Here’s the abstract:

recount is a resource of processed and summarized expression data spanning nearly 60,000 human RNA-seq samples from the Sequence Read Archive (SRA). The associated recount Bioconductor package provides a convenient API for querying, downloading, and analyzing the data. Each processed study consists of meta/phenotype data, the expression levels of genes and their underlying exons and splice junctions, and corresponding genomic annotation. We also provide data summarization types for quantifying novel transcribed sequence including base-resolution coverage and potentially unannotated splice junctions. We present workflows illustrating how to use recount to perform differential expression analysis including meta-analysis, annotation-free base-level analysis, and replication of smaller studies using data from larger studies. recount provides a valuable and user-friendly resource of processed RNA-seq datasets to draw additional biological insights from existing public data. The resource is available at https://jhubiostatistics.shinyapps.io/recount/.

This preprint describes an incredible resource. The authors here have downloaded and pre-processed several thousand RNA-seq studies from the raw data available in the SRA. They make this data available through a web application1 at where you can browse, search, and sort the studies they’ve processed, and it gives you direct links to download analysis-ready pre-processed count data and metadata. As the abstract mentions, you can access recount at jhubiostatistics.shinyapps.io/recount/.

Get some data

In the accession search box, search for SRP026387. This has some pre-processed data from a study looking at the Wnt/Beta-catenin pathway and how that’s affected by androgen deprivation therapy in treating prostate cancer. You can learn more about the data and the study by clicking the accession number hyperlink.

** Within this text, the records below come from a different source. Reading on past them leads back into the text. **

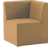
ZU-1502 ¥115,000 W600×D600×H700 SH400 質量：16.5kg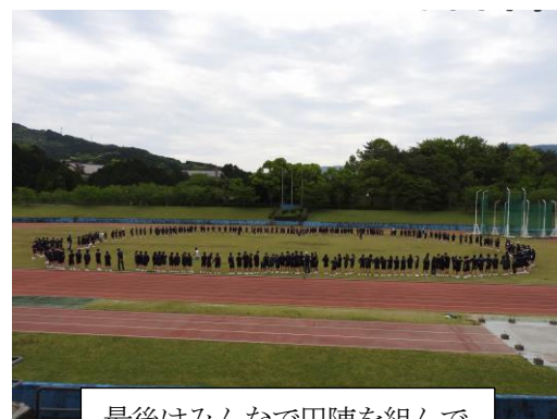
最後はみんなで円陣を組んで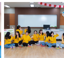
Department of Childhood Education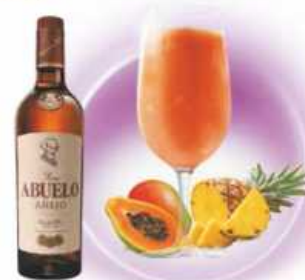
Canarian Sunset PIÑA, PAPAYA, MANGO PINEAPPLE, PAPAYA, MANGO & RON / RUM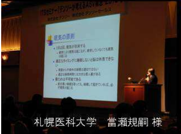
札幌医科大学 當瀬規嗣 様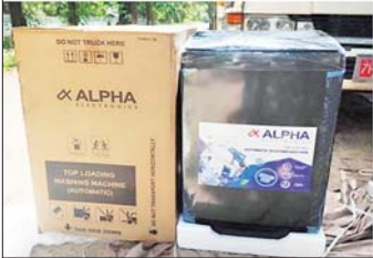
ကရင်ပြည်နယ်၌ ဖမ်းဆီးရမိမှု။

စစ်ကိုင်းမြို့ ရတနာပုံတံတား ပူးပေါင်းစစ်ဆေးရေး ဂိတ်၌ တရားမဝင်ရွှေသတ္တုတူးဖော်ရာတွင် အသုံးပြုသည့် သံပိုက်လုံး ၁၉ လုံး အပါအဝင် ဆက်စပ်ပစ္စည်း ၇၃ မျိုး (ခန့်မှန်းတန်ဖိုးငွေကျပ် ၆၀၈၅၂၀၀) ကို မြန်မာ့သတ္တုတွင်း ဥပဒေအရလည်းကောင်း၊ တရားဝင်စာရွက်စာတမ်း အထောက်အထားတင်ပြနိုင်ခြင်းမရှိသည့် တရားဝင်ထုတ်လုပ်သည့် လူသုံးကုန်ပစ္စည်း ၅၈၅ မျိုး (ခန့်မှန်းတန်ဖိုးငွေကျပ် ၄၁၁၉၀၀၀) ကို ပို့ကုန်သွင်းကုန်ဥပဒေအရလည်းကောင်း၊ မုံရွာမြို့ အလုံစစ်ပင်ရပ်ကွက်၌ တရားမဝင်သစ်ခတ်ရာတွင် အသုံးပြုသည့် လှပိုင်းခုံတစ်ခု (ခန့်မှန်းတန်ဖိုးငွေကျပ် ၂၀၀၀၀၀) ကို သစ်တောဥပဒေအရလည်းကောင်း စုစုပေါင်း ခန့်မှန်းတန်ဖိုးငွေကျပ် ၆၁၄၉၁၀၀၀ ကို ဖမ်းဆီးအရေးယူ ဆောင်ရွက်လျက်ရှိပါသည်။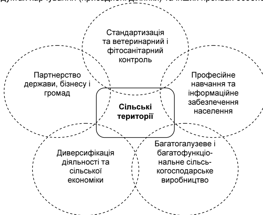
Рис. 1. Концептуальні засади інвестиційного розвитку сільських територій

Вирішення питань відродження села супроводжується розв'язанням завдань проблемних земель, зокрема тих, які займали села, що зникли після об'єднання господарств в часи колективізації; спустошені землі в існуючих селах; землі, вивільнені після упорядкування та меліорації лісосмуг, ставів та зруйнованих ерозією ґрунтів тощо. Передача цих земель у довічне використання є запорукою відродження села на принципово нових соціально-економічних основах. Єдність людини з родом закладена Богом проявляється як в бажанні бути ближче до природи під час відпочинку чи проживання, з метою забезпечення своїх потреб у продуктах харчування (присадибні ділянки) та інших проявах особистості.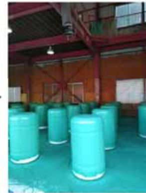
一日間乾燥します。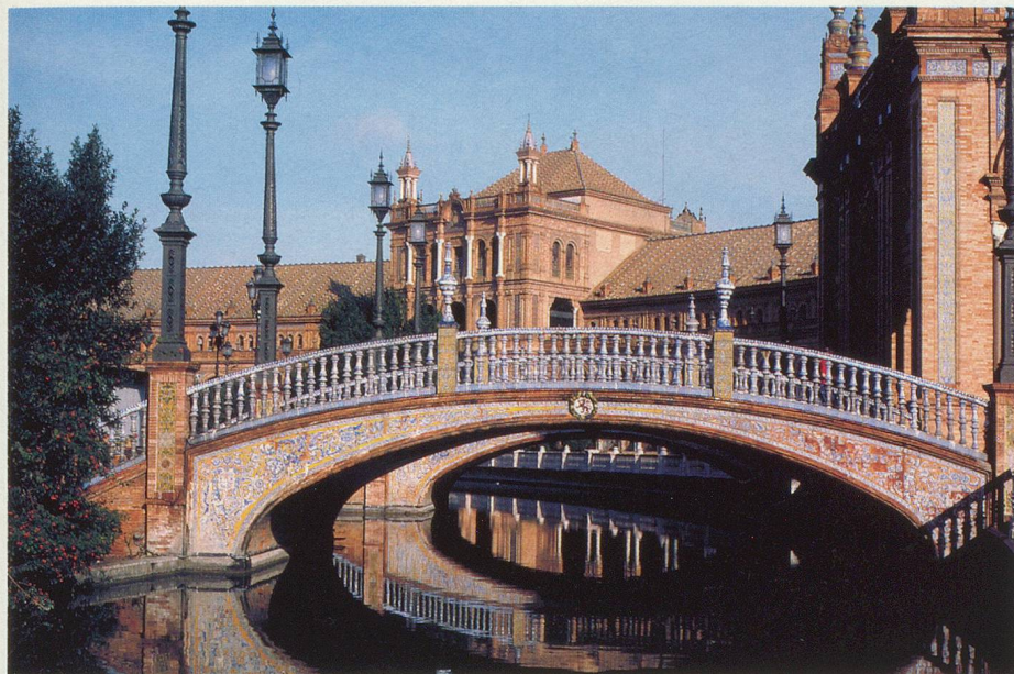
La Plaza de España, joyau de Séville

Le Palais de l'Alhambra à Grenade, l'ancienne mosquée de Cordoue, l'Alcazar de Séville, le rocher de Gibraltar. Autant de merveilles proposées aux lectrices et lecteurs qui participeront à ce voyage unique.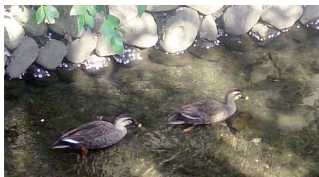
小川では鴨が気ままに泳いでいた

Androgen ablation therapy (AAT) is standard treatment for locally-advanced/metastatic prostate cancer (PCa). Many patients develop castration-resistance (CRPCa) after ~2-3 years, with a poor prognosis. The molecular mechanisms underlying CRPCa progression are unclear. mRNA-Seq was performed on tumours from 7 patients with locally-advanced/metastatic PCa before and ~22 weeks after AAT initiation. Differentially regulated genes were identified in treatment pairs. Overall design: Tumour biopsies from 7 patients were taken before and after AAT treatment.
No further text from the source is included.